Few directors deserve the adjectives "visionary," "disturbing," and "surreal" more than Jan Svankmajer, the 72-year-old Czech puppetmaster and conductor of nightmarish stop-motion hallucinations. Banned from making films in his native country for several years, Svankmajer plumbs the dark side of the contemporary psyche with subversive and uncanny interpretations of texts like Faust, Jabberwocky, and Alice in Wonderland. Using old-fashioned stop-motion and perverse puppetry, Svankmajer is a true master of demonstrating that a few well-crafted tricks and a dark vision can be infinitely more terrifying than any computer-generated imagery.

Lunacy, then, would seem to be quintessential Svankmajer territory. Inspired by the writings of Edgar Allen Poe and the Marquis de Sade, Lunacy tells the story of Jean Berlot, a young man descending into madness who is taken under the wing of a sadistic, equally insane Marquis. Under the Marquis' hospitality, Berlot witnesses an orgiastic anti-Christ ceremony and unwillingly participates in the Marquis' fantasy of being entombed alive. As Berlot slips in and out of sanity, he has grotesque hallucinations of animal tongues slithering across the floor like tapeworms, canned brains throwing themselves into meat grinders, and human eyeballs rolling across muddy landscapes. The story winds up in an insane asylum where the inmates have taken over and the faculty are kept, tarred and feathered, in a dungeon downstairs.

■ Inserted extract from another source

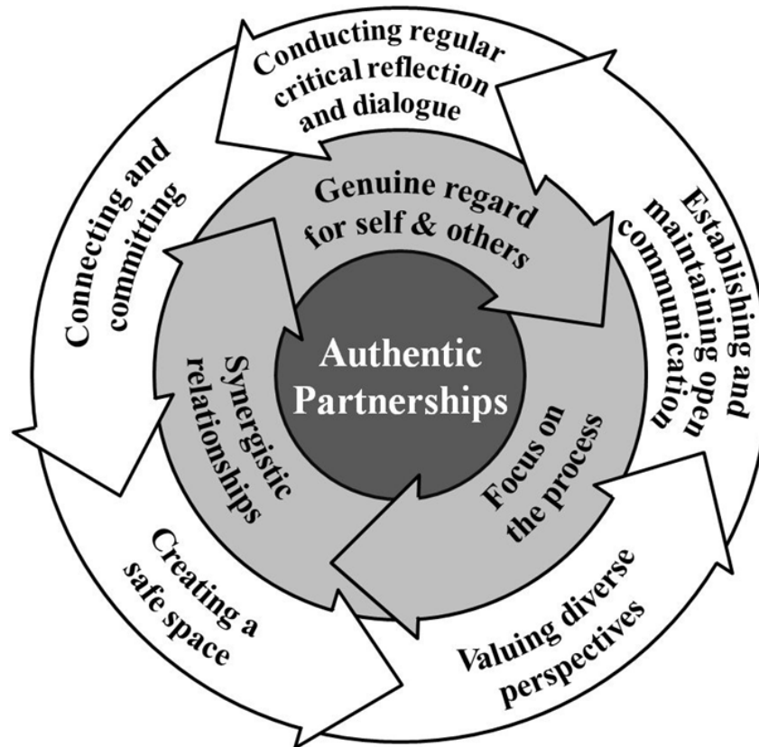
Figure 1. A model of authentic partnerships. From Dupuis SL, Gillies J, Carson J, Whyte C, Genoe R, Loiselle L, Sadler L. Moving beyond patient and client approaches: mobilizing "authentic partnerships" in dementia care, support and services. Dementia (London) . 2012;11(4):427-452. Copyright © 2012 by The Author(s). Reprinted by permission of Sage Publications, Ltd.

When care partners work in partnership with persons living with dementia, they do more than just protect personhood; they mobilize social citizenship (meaning preserving the same civic and social rights and opportunities afforded to all citizens) by supporting people living with dementia in making contributions to civic dialogue and activities, and thus new possibilities emerge for living well [27].

So it's a shame to report that Lunacy is not among Svankmajer's best work. The fantastic stop-motion sequences are too few and far between, and the live action narrative isn't strong enough to sustain the two-hour running time. For those who aren't familiar with Svankmajer's body of work, I can't recommend Alice or Faust strongly enough. For those who know and love the filmmaker's creepy fantasies, you'll find plenty of familiar themes and tropes here—but none of the brilliant, relentless wizardry that marks his earlier films.